Category: Persons

Epicureanism and Plato

‘Epicureanism’ here refers quite generally to a coherent system of philosophical views on Physics/Metaphysics, Epistemology and Ethics, the author of which is principally the Hellenistic philosopher Epicurus (341-270 B.C.). Epicureanism gained currency in the Hellenistic period and had an influence that reached deep into the Roman Empire. Though there is reason to believe that Epicurus devoted most of his intellectual energy on issues relating to physics/metaphysics and epistemology, ‘Epicureanism’ is chiefly associated with Epicurus’ views on Ethics.

Physics and epistemology

At first sight Plato’s philosophical views would seem a highly unlikely source of influence for Epicurus’ thinking. Indeed, on most, if not all, issues the two thinkers occupy diametrically opposed positions. This can be seen with a brief look at the basic tenets of Epicurus’ physics that are largely an adaptation of the metaphysical views of the early atomists Democritus and Leucippus. In Democritus’ and Leucippus’ view, Being, non-Being, and motion are the basic metaphysical principles. The so-called atoms comprise Being. These are unalterable, and hence indivisible, corpuscles of all possible shapes, infinite in number, impossible to perceive through the senses due to their minuteness but yet infinitely varying in size and always in motion. Non-Being is the void, which permits the motion of atoms and is infinitely extended. Anything perceptible in the world around is simply a configuration of atoms that are stably joined together. Perceptible things come to be because atoms become conjoined to form such configurations and are destroyed when these configurations come apart because the atoms forming them disband.

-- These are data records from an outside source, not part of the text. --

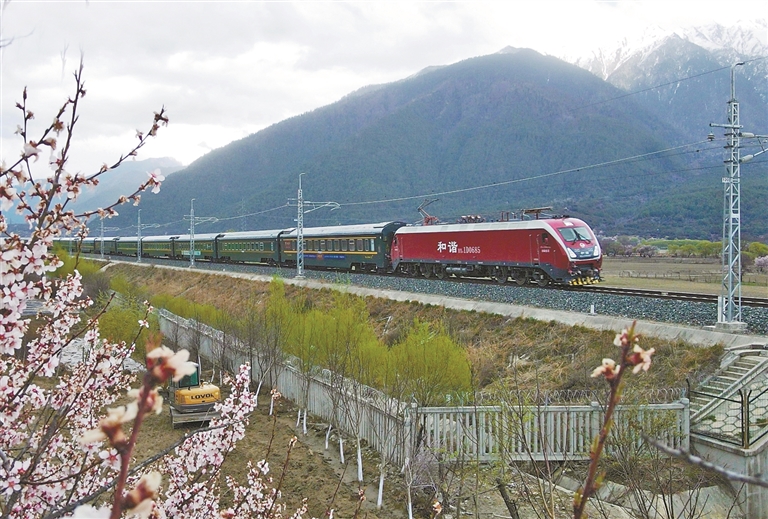 圖為拉林鐵路上運(yùn)行的K6834次列車(chē)(資料圖片)。記者 旦增蘭澤 通訊員 拉巴次仁 攝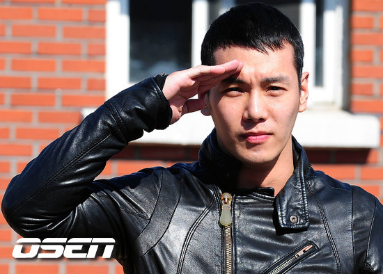[OSEN=논산 ,백승철 인턴기자] 27일 오후 육군 논산훈련소를 통해 입소하는 가수 환희가 훈련소 인근 주차장에서 팬들을 향해 거수경례를 하고 있다.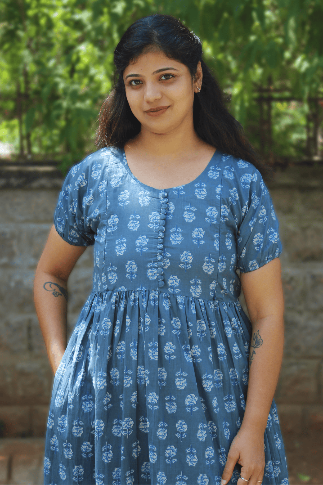 Color & Print: Soft Blue base with an all-over White/Light Blue Block Print in a repeating small floral motif.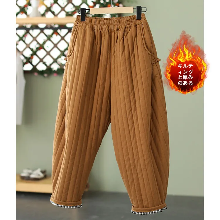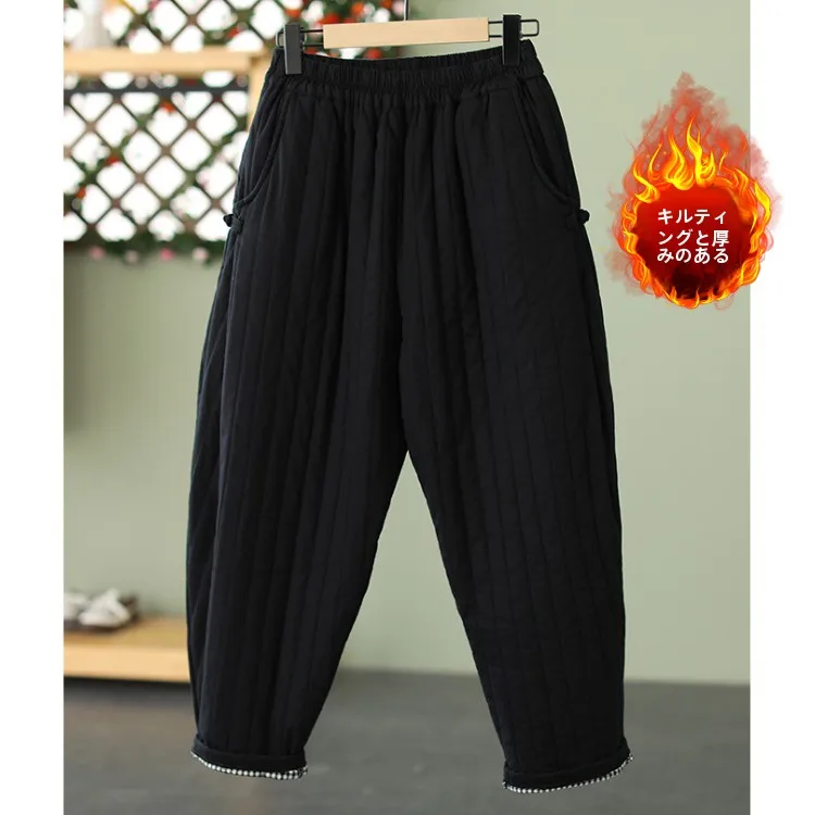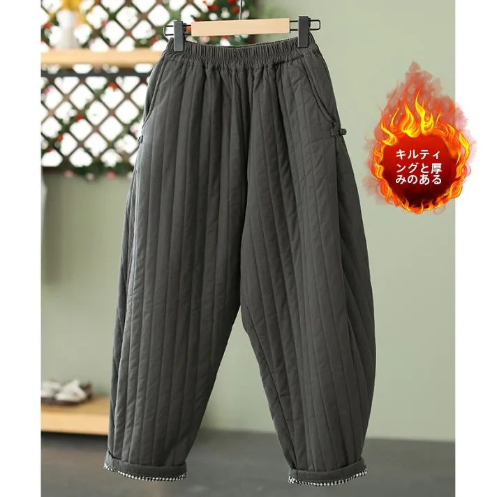レトロボタンアップ肥厚綿パンツハーランスタイルカジュアル冬のアウタープラスサイズの女性ストレートストライプパターン - TopDealBox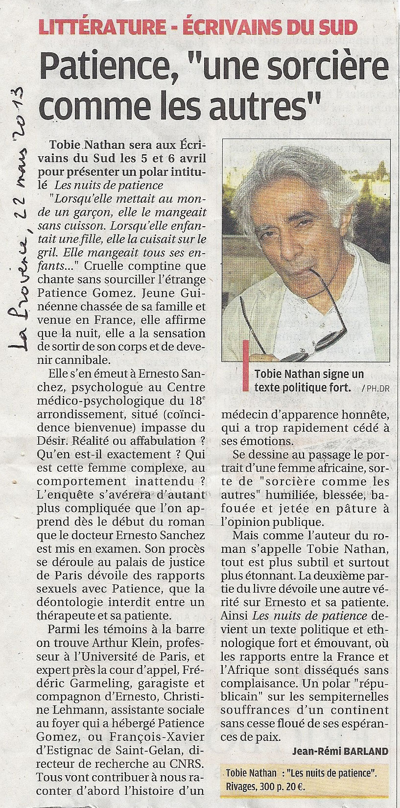 Patience , une sorcière comme les autres, Jean-Rémi Barland, La Provence, 22 mars 2013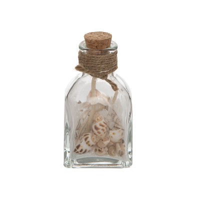 Beachcombers Small Glass Bottle With Shell White Rock & Wood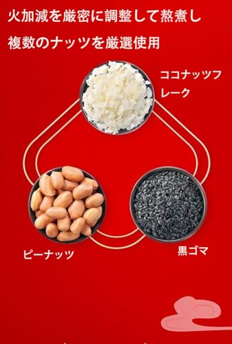 【厳選ナッツ、香りが濃厚】キャンディーの熬煮時には火加減を厳密に管理し、中には多种類の厳選ナッツを精心に配合しています。ココナッツフレークのさわやかな甘い香り、黒ゴマの濃厚な風味、そしてピーナッツの豊かな食感が特徴です。中でもピーナッツは厳格に 9 割れ目まで焼き上げられ、焦げたような濃厚な香りが十分に引き出され、袋を開けた瞬間に香りが四方に広がります。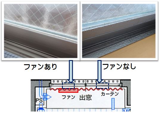 両部屋のファンを設置した窓について、窓全面が結露した日は0日、厳しい冷え込みの日でも一部(主に金属サッシ部)に結露が発生する程度(前年までは、10日以上全面結露が発生していた)だったため、かなり効果があったのではないかと思います。
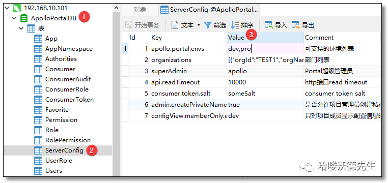 配置项统一存储在 ApolloPortalDB.ServerConfig

Plato appears fully to ignore the atomists. He never mentions them anywhere in his dialogues, though he does mention views that are recognizably theirs (as for instance in the Laws, Book X). There are, however, two striking and easily identifiable points of difference that need to be mentioned. First, according to Plato, the whole of nature, including the firmament with everything in it, is a finely tuned teleological system. Its existence serves a telos, i.e., a purpose, which is good. One important consequence of this is that a scientific explanation of nature needs to account also for the purpose that nature serves and to uncover the goodness of this purpose. By contrast, according to the atomists and, consequently, to Epicurus and his followers, nature has not come to be for any purpose and serves none. Everything that surrounds us, including ourselves, is the result of some precisely specifiable state of the atoms in the universe at some time t and sets of causal relations between them. The only thing that a scientific explanation of nature requires, therefore, is a precise specification of such a state and an account of the causes to which the atoms are subject.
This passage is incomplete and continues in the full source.